In an effort to fill in some gaps in my programming knowledge, I’ve started working through a couple of introductory programming books. Learning Python the Hard Way is especially intriguing because it gives a series of examples for you to type out verbatim.1 Your job is to do so, make sure that the example works correctly, proof the code, and then figure out what it does. The book does have some explanations, but it’s based largely on the idea that you should use reasoning skills and actually figure it out.
For me, this approach has two huge benefits:
- I learn by doing and I learn from concepts. The exercises do a beautiful job of laying problems out conceptually and the “fiddle with it till it works” aspect really helps me get a good grasp of the logic behind the examples.
- Typing in all of the examples by hand provides excellent practice for finding and fixing typos. Especially titchy typos, which are the bane of my existence.

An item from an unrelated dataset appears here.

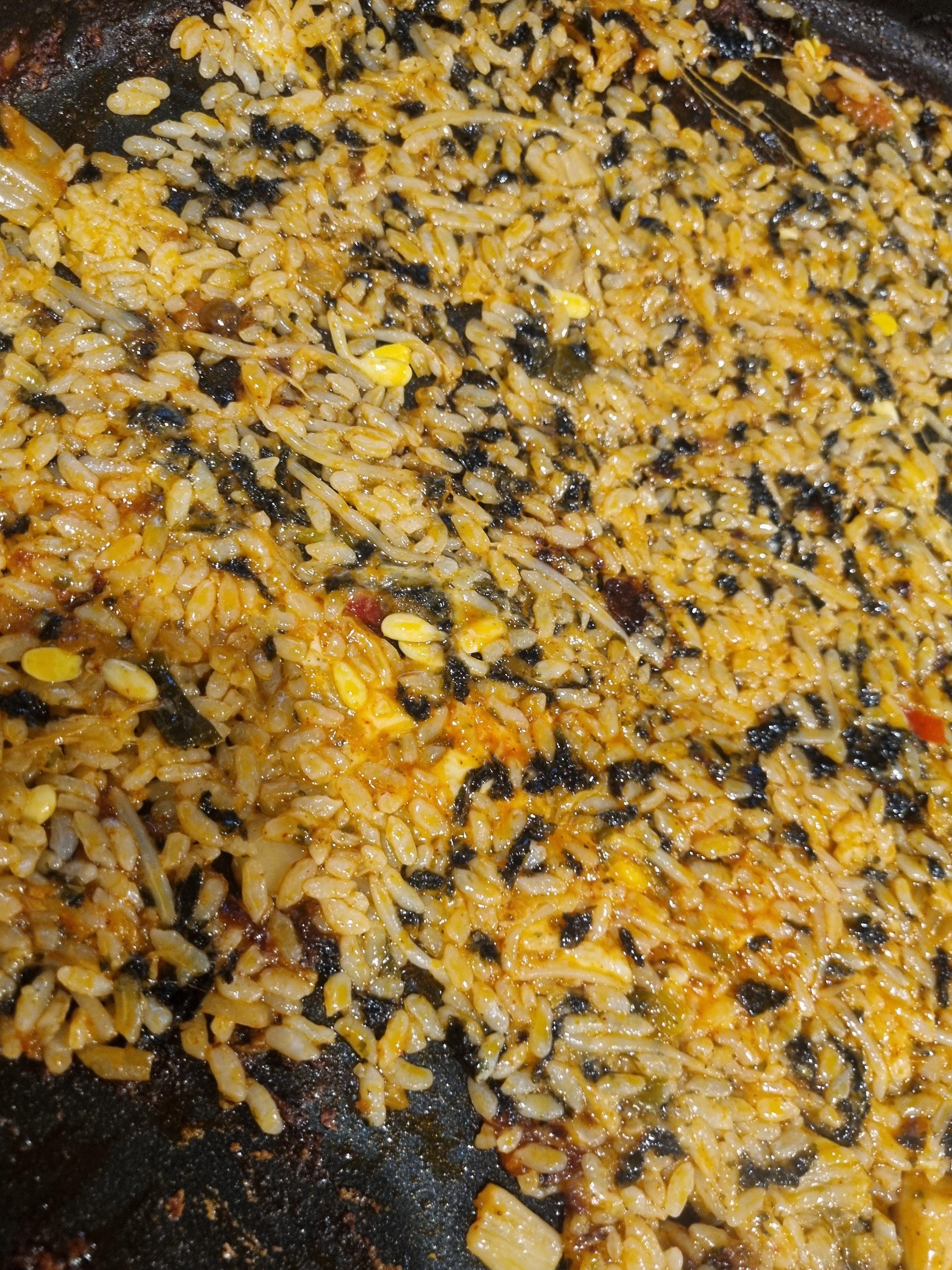 철판에 눌어붙는 그 고소한 누룽지까지 긁어 먹으면

Not only is learning to program good for expanding my problem-solving abilities and improving my ability to edit my work, it’s also helping me to look at language in new ways. When I’m drafting, I tend to get an idea and try out several different iterations of it as I write. While I’m generally pretty good at finding and eliminating conceptual redundancy, I tend to get terminology so ingrained in my conceptualization of a problem that I don’t see repetitious word use. One of my impending Python projects is to write a basic textual analysis program to help me identify over-used words.
Planning this project has been eye-opening because I’ve had to re-think how I understand the basic unit of the word. It’s easy enough to get a computer to count total words or instances of words or to sort words by most to least used; those are basic string manipulations. The tricky part comes in when you start trying to make the computer see over-used roots (active, actively, activity, for example).
I haven’t totally figured out how to solve the problem yet (I suspect that regular expressions are going to be playing a large part), but I’m excited by it. Not only will I get a useful tool out of the deal, but I also suspect that building this project will help me to better understand some of the problems and challenges of more elaborate digital textual analysis.